- [What you will do] Only the lines from the one that contains "Компенсатор автоматически выравнивает" to the last line below, both included, should be transcribed. Pictures stay out of the copy.

- [Given data]
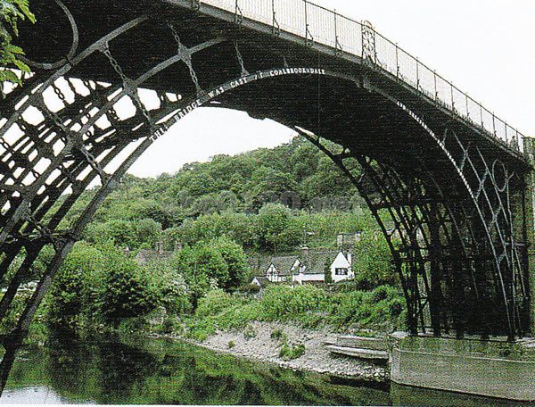 1779年、イングランドの中央部を流れるセヴァーン川に架けられた世界初の鉄橋(アイアンブリッジ)。今も完全な姿でこの谷に残っている。鉄橋建築法が開発されていなかったため、木材建築法を用いた。そのためボルトを使わない世界で唯一の珍しい鉄橋となっている。ここには、その当時の溶鉱炉や工場が、博物館として現在も残されており、鉱石を運んだトロッコなどが展示されている。
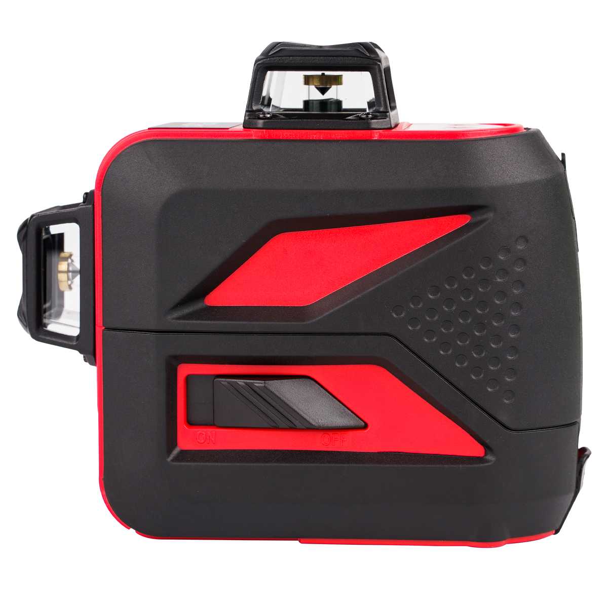 Компенсатор автоматически выравнивает лазерный луч в диапазоне ±3°. Благодаря этому, вам не нужно выставлять прибор по пузырьковому уровню. Также, за счет компенсатора, избегается искажения лазерных плоскостей от мелких неровностей пола. При отклонении прибора более, чем на 3° раздается звуковой сигнал, а лазерная линия начнет мигать.
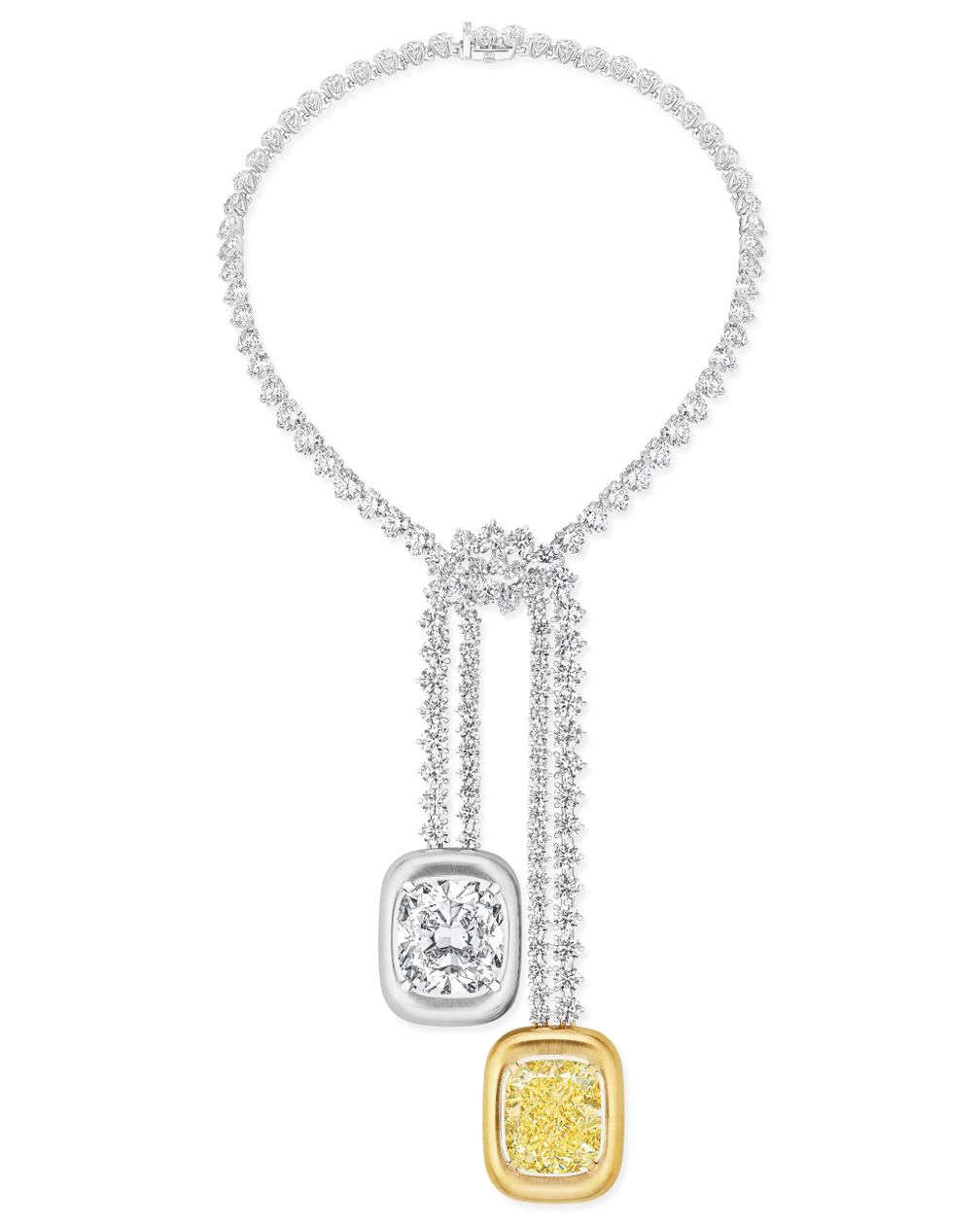 Впервые представленная на показе ювелирных украшений Messika High Jewelry на Неделе моды в Париже в сентябре, эта драгоценность украшена потрясающим желтым бриллиантом в 36 карат и несравненным белым бриллиантом в 33 карата. В общей сложности здесь 232 бриллианта общим весом 129 карат.

- [Answer below]
 Компенсатор автоматически выравнивает лазерный луч в диапазоне ±3°. Благодаря этому, вам не нужно выставлять прибор по пузырьковому уровню. Также, за счет компенсатора, избегается искажения лазерных плоскостей от мелких неровностей пола. При отклонении прибора более, чем на 3° раздается звуковой сигнал, а лазерная линия начнет мигать.
 Впервые представленная на показе ювелирных украшений Messika High Jewelry на Неделе моды в Париже в сентябре, эта драгоценность украшена потрясающим желтым бриллиантом в 36 карат и несравненным белым бриллиантом в 33 карата. В общей сложности здесь 232 бриллианта общим весом 129 карат.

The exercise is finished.